In 2022, WDI USA president Kara Dansky, who has served as a WoLF board member and co-chair, issued a statement of support on behalf of WDI USA for the Women's Bill of Rights developed by the Republican Study Committee group of Republican Party members in the United States House of Representatives, stating it "would enshrine into law many of the principles outlined in the global Declaration on Women's Sex-Based Rights, which we work to advance throughout U.S. law".

By 2023, model legislation to restrict rights for transgender people had been distributed by Women's Declaration International USA to state legislatures in the United States. Proposed legislation with language similar to the WDI model legislation was introduced in some state legislatures that seek to develop laws to restrict access to gender-affirming care for youth under age 18.

In August 2024 WDI along with several other gender-critical groups including Women's Liberation Front and European Network of Migrant Women launched an open letter condemning UN Women for "demonizing and vilifying women who know that men are not women, and never will be," in response to a UN Women statement that anti-gender and gender-critical movements are anti-rights movements that employ hate propaganda and disinformation.
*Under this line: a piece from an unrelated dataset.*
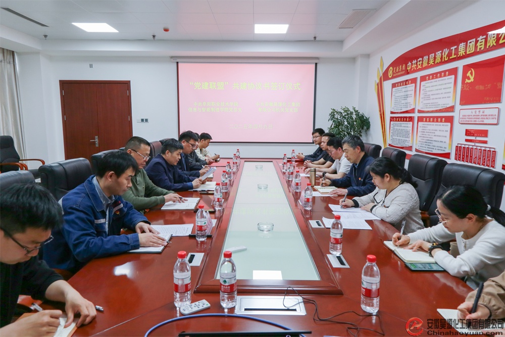 在研發中心七樓會議室,姚克亮向楊輝一行簡要介紹了公司發展歷程、生產經營、項目建設及黨建活動開展情況。希望借助阜陽職業技術學院的科研技術創新平臺,加強雙方在黨建、人才、陣地等方面合作交流,以共享共建為基礎,共同推進企業在科技創新和黨建工作中取得新突破。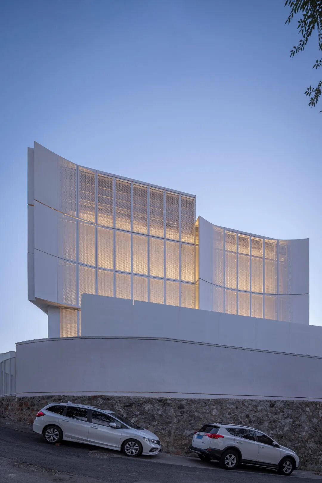 “沿市井小街爬坡而上,数个转弯之后,豁然望见高耸的台地之上矗立着一座宽阔的建筑,不由联想到雅典卫城之上的帕特农神庙。因此,探究建筑形象与城市精神的契合就成为本项目的设计原点。”

WDI has voiced support for the persecution of transgender people under the second Trump administration. WDI president Kara Dansky wrote that Trump's actions against transgender people are "rational policy," and that "I have to imagine that American TERFs have played a role in informing (May Mailman's) thinking" in drafting Executive Order 14168 titled "Defending Women from Gender Ideology Extremism and Restoring Biological Truth to the Federal Government."